Geçtiğimiz yıllarda Külahçı soyadına yaraşır nitelikte iki güzel albüm yapılarak, birikiminin bir bölümü ölümsüzleştirildi. Albümün hayata geçirilmesinde emeği geçen herkesi içtenlikte tebrik ediyoruz. Ellili, altmışlı, yetmişli yılların özellikle kırsal yaşamını belgeleyen Necmettin Külahçı’nın foto-grafları her şeyden önce yüksek koleksiyon değeri ihtiva ederler. Sanat boyutu, usta işi olmaları, artık hiçbir yerde rastlayamayacağımız muazzam kültürel ögeler taşımaları, nostaljik değerleri vb de cabası.

Necmettin baba, “Beyaz Siyah” adını verdiği albümü, bizim de tanıma onuruna eriştiğimiz merhum eşi Fethiye hanımefendiye, “Cilo-Sat” adını verdiği albümü ise çok değer verdiği ustası merhum Şinasi Barutçu’ya ithaf etmişler.
Şanslıyız, çok sevdiğimiz büyüğümüz usta foto-grafçı Necmettin Külahçı’nın imzasını taşıyan ve bizim için hakikaten çok anlamlı olan albümler kütüphanemizde yerlerini aldılar.
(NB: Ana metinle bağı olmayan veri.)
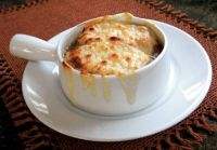 Discard bay leaf. Ladle into ovenproof soup bowls; top with bread and cheese. Bake at 400° for 10 minutes or until cheese is golden brown. Yield: 8 servings (2 quarts).
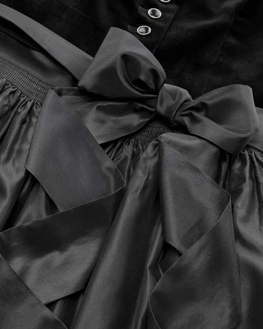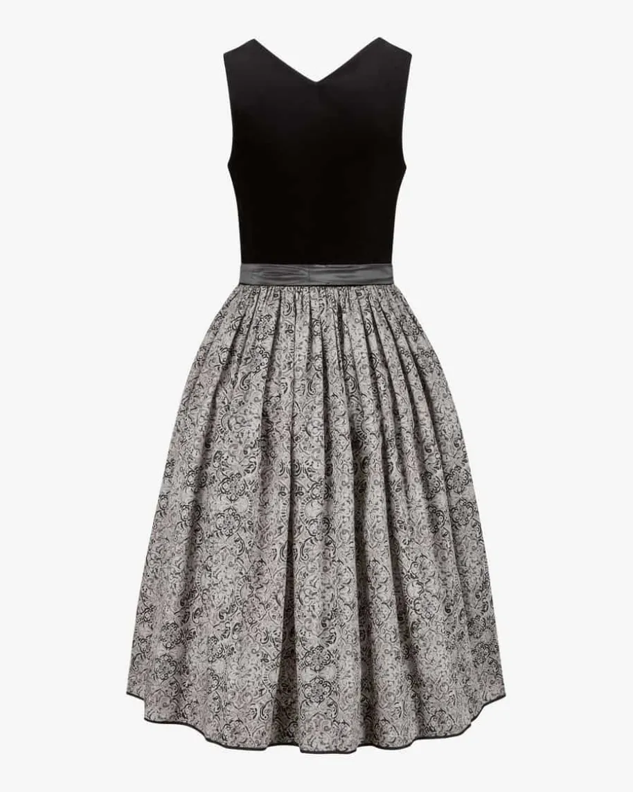 Biana Midi-Dirndl mit Schürze für Damen von Tostmann in Schwarz und Grau.Trachten-Handwerk aus Österreich – Das traditionelle Modell überzeugt mitweichem Samt-Mieder und gemustertem Baumwoll-Rock mit feinem Ornament-Print. Diechangierende Schürze aus hochwertiger Seide vervollständigt den Trachten-Lookstilvoll.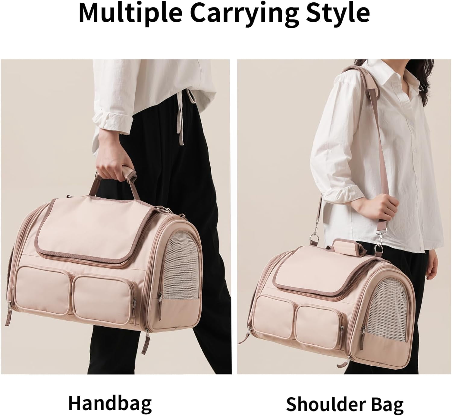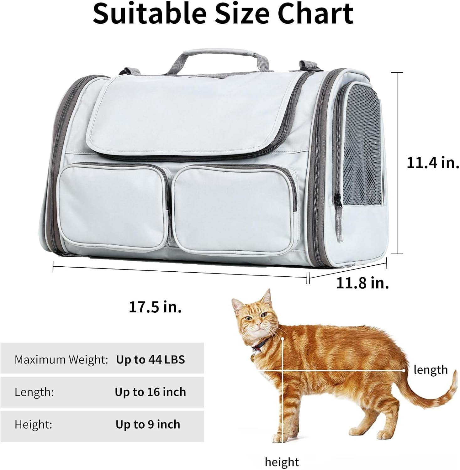 Pet Carrier Measuring Guidelines Before Purchase – The pet travel carrier is designed for small and medium pets within 17.5″L x 11.8″W x 11.4″H and 15 lbs. Please do not choose your carrier based on weight, recommanded reference your pet’s length and height in selecting a carrier size.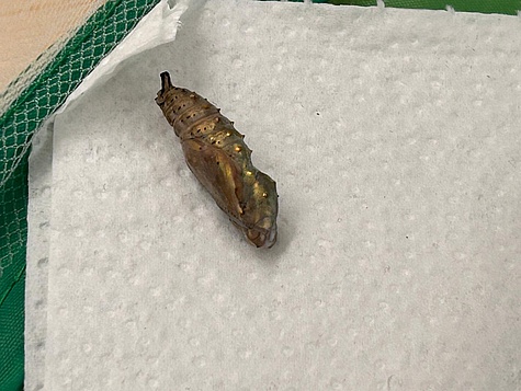 Bild 4: Die erste Raupe fängt an sich zu verpuppen.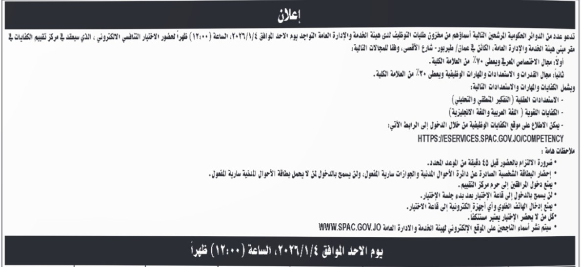 تدعو عدد من الدوائر الحكومية، اليوم الثلاثاء، التالية أسماؤهم لحضور الاختبار التنافسي.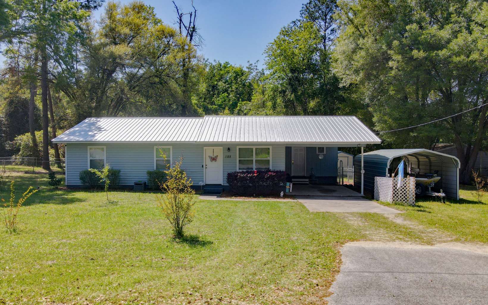 Charming starter home or home perfect for retiree(s) with recently remodeled kitchen. New stainless steel appliances, countertops, flooring and metal roof. All was updated in 2023. Eat-in kitchen/breakfast area allows you to see through to the living room. Detached covered garage and storage building conveys. Fenced in backyard ideal for pets. Located only 3.5 miles from I-10.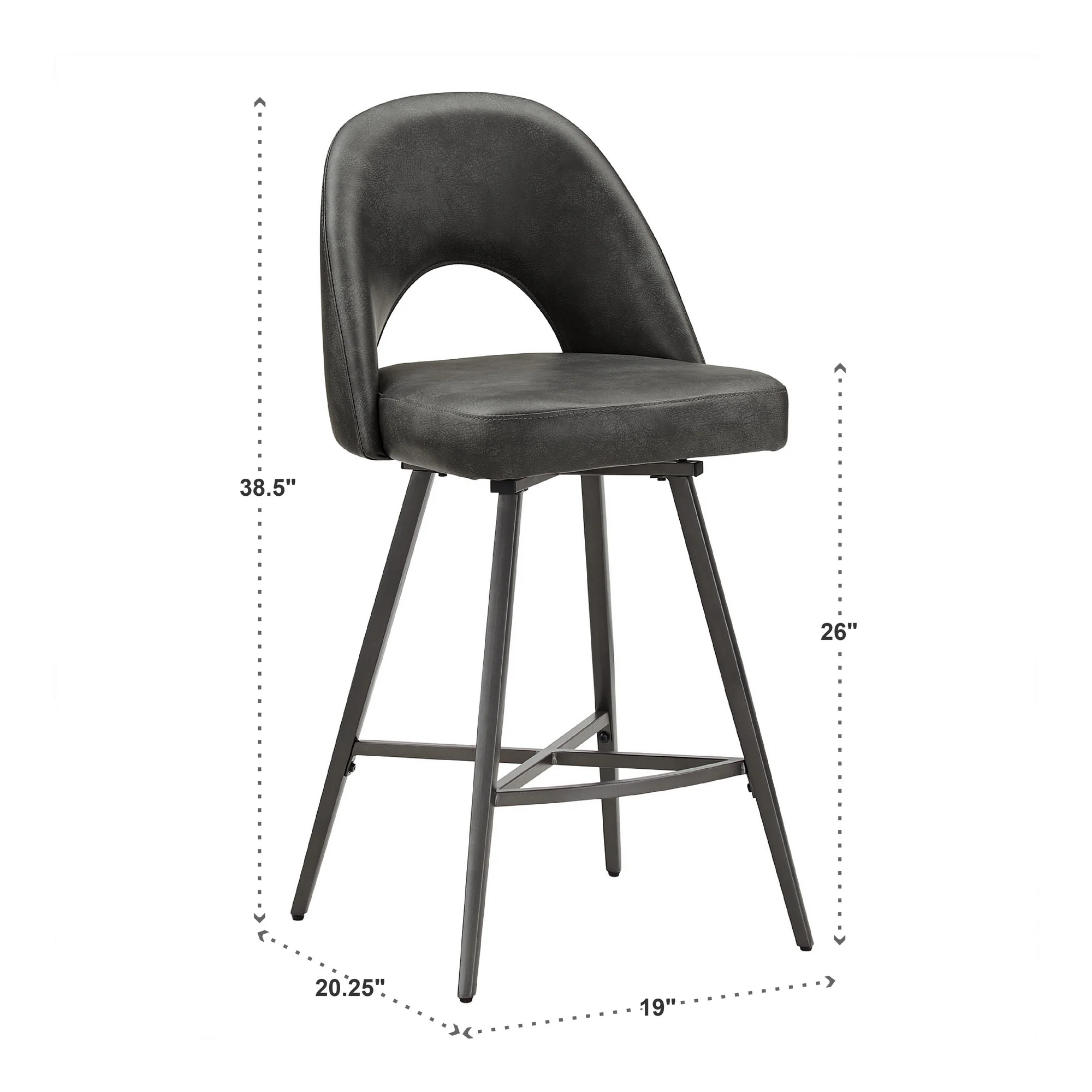 Weston Home Krista 24" Metal Swivel Mid Back Counter Stools, Set of 2, Dark Grey

Naçizane fikrimiz odur ki, amatör-profesyonel her foto-grafçının kütüphanesinde bu iki değerli albüm bulunmalı.
Külahçı ustaya (Necmettin babaya) sağlıklı uzun ömür diliyoruz.
Tekin ERTUĞ
Benim aklımda “Siyah Güneş’in peşindeki fotoğrafçı” olarak kalmış. Ya da Şinasi Barutçu ile birlikte “Dağların Efendisi” mi demek gerek? Türk fotoğrafının çınarlarından.Böyle senli benli yazmama bakmayın. Bir delikanlıdan başka türlü bahsedilmez. İyi ki Elazığ’da, ortaokuldayken Emin Bey’in çıraklığına verilmiş.
Sevgi ve saygılarımla
Ellerinize sağlık Tekin hocam. Nezdinizde Necmettin abimize buradan selam ve saygılarımı iletiyorum. Fotoğraflarıyla bizlere ışık tutacağı daha nice yıllar diliyorum.